More than $1.1 billion in medical debt erased in Illinois, with the help of a state program
Published in News & Features
Illinois residents have seen more than $1.1 billion in medical debt erased, with the help of a state program that launched less than a year-and-a-half ago.
More than 500,000 Illinois residents have so far benefited from the program, with average debt relief of about $1,200 per person, according to the governor’s office. In some cases, the program terminated tens of thousands of dollars worth of medical debt for individuals, and, for one person, more than $300,000 worth of medical debt.
So far, Illinois has spent about $10 million on the program, with $5 million in state funds left for this fiscal year. For each dollar Illinois spends on the program, more than $100 of medical debt is terminated, according to the governor’s office.
“No one should be forced to choose between life-saving care and feeding their families, which is why we launched the Illinois Medical Debt relief program,” said Gov. JB Pritzker in a news release Tuesday.
Illinois is one of more than a dozen states and local governments that have partnered with the nonprofit organization Undue Medical Debt to terminate residents’ medical debt. Cook County has also had a separate program to erase medical debt.
The way it works is that Undue Medical Debt is able to buy bundles of medical debt — mostly from health systems — for far less than face value and then forgive that debt.
To qualify for debt forgiveness as part of the program, Illinois residents must have incomes at or below 400% of the federal poverty level, which is $63,840 a year for a single person or $132,000 for a family of four. Or, to qualify, Illinois residents’ medical debt must equal 5% or more of their annual household income.
Individuals can’t apply for the program, which is automatically applied to the debt of people who received care at certain hospitals and health systems, including Lurie Children’s Hospital, Loyola Medicine and UChicago Medicine, among others. Those who benefit from the program receive letters letting them know their debt has been erased.
Algonquin resident Lori Lighthall said she was surprised to receive a letter in the mail telling her that her medical debt had been canceled. Lighthall said she had about $2,300 of debt erased, following a liver transplant about seven years ago. Though she said she has good insurance, it can be tough to pay the entire out-of-pocket maximum each year, given that transplants require significant ongoing follow-up care.
“The bills just kept coming,” said Lighthall, who added she had set up payment plans with providers and talked with her insurance company in an effort to handle all the bills. When the state wiped out her medical debt, it “just allowed me to relax a little bit and just live.”
Cook County’s separate program had terminated more than $664,000 of medical debt for 556,815 Cook County residents as of June. That program, which started in 2022, has been funded with $9 million in American Rescue Plan Act funds.
The issue of medical debt has been much discussed in recent years, with the increasing costs of health care services and the growth of high deductible health insurance plans. High deductible insurance plans require patients to pay thousands of dollars for many types of medical services before their insurance plans will pick up costs.
About a quarter of adults said they had medical or dental bills that were past due or that they were unable to pay in 2022, according to a survey by KFF, a nonprofit organization focused on health policy.

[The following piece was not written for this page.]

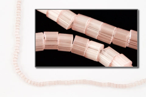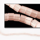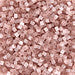 Size 11/0 satin pale dark salmon cylinder seed bead.
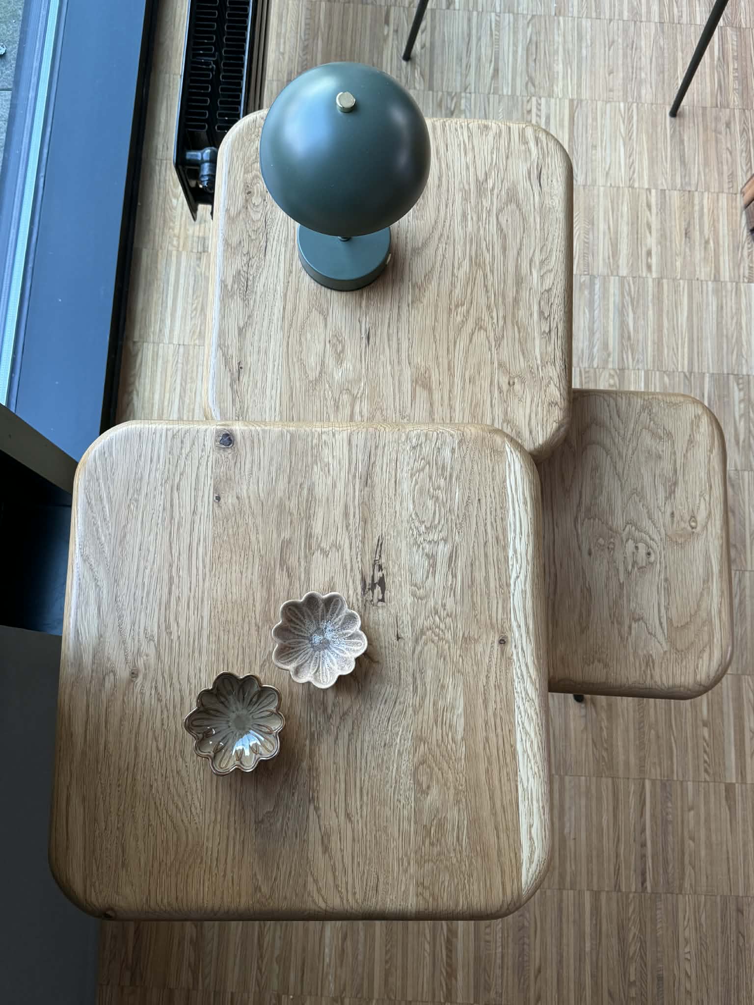 Disse tre borde er en del af Butikkens møbler og findes kun i dette ene sæt. Bordene er fremstillet i massivt eg med synlige åretegninger og et naturligt, roligt farvespil.

About 63% of adults with medical debt surveyed in 2022 said during the past five years, they had cut back spending on food, clothing and basic household items because of that debt, according to KFF.
Though a number of states have adopted medical debt relief, there’s been mixed evidence of its effectiveness.
People with debt are three times more likely to struggle with depression and/or anxiety, and medical debt disproportionately affects Black and Latino adults, according to Undue Medical Debt.
Past studies have also shown strong associations between medical debt and negative financial and health outcomes. But a 2024 National Bureau of Economic Research working paper showed that the erasure of medical debt did not affect mental health, physical health, health care use or financial well-being.
When organizations or governments buy medical debt that is very old, it doesn’t have much of a material impact, except on credit scores of people whose medical debt has already been reported to credit bureaus, said Neale Mahoney, director of the Stanford Institute for Economic Policy Research, and an author of the paper. People with old medical debt may already have gotten used to ignoring calls and letters from collectors, he said.
“We also know that if we address things earlier you can make a big difference,” Mahoney said, noting that combining medical debt relief with efforts to keep patients from accumulating the debt in the first place, such as through financial assistance at hospitals, may be a more promising strategy.
“The more they’re combining those downstream measures with upstream things to address the issue at the source, I think the greater the prospect of having a real impact,” Mahoney said.
In 2024, the federal Consumer Protection Financial Bureau finalized a rule that would have removed medical debt from many credit reports. The administration of President Donald Trump has since reversed course on that rule, which was set aside in court.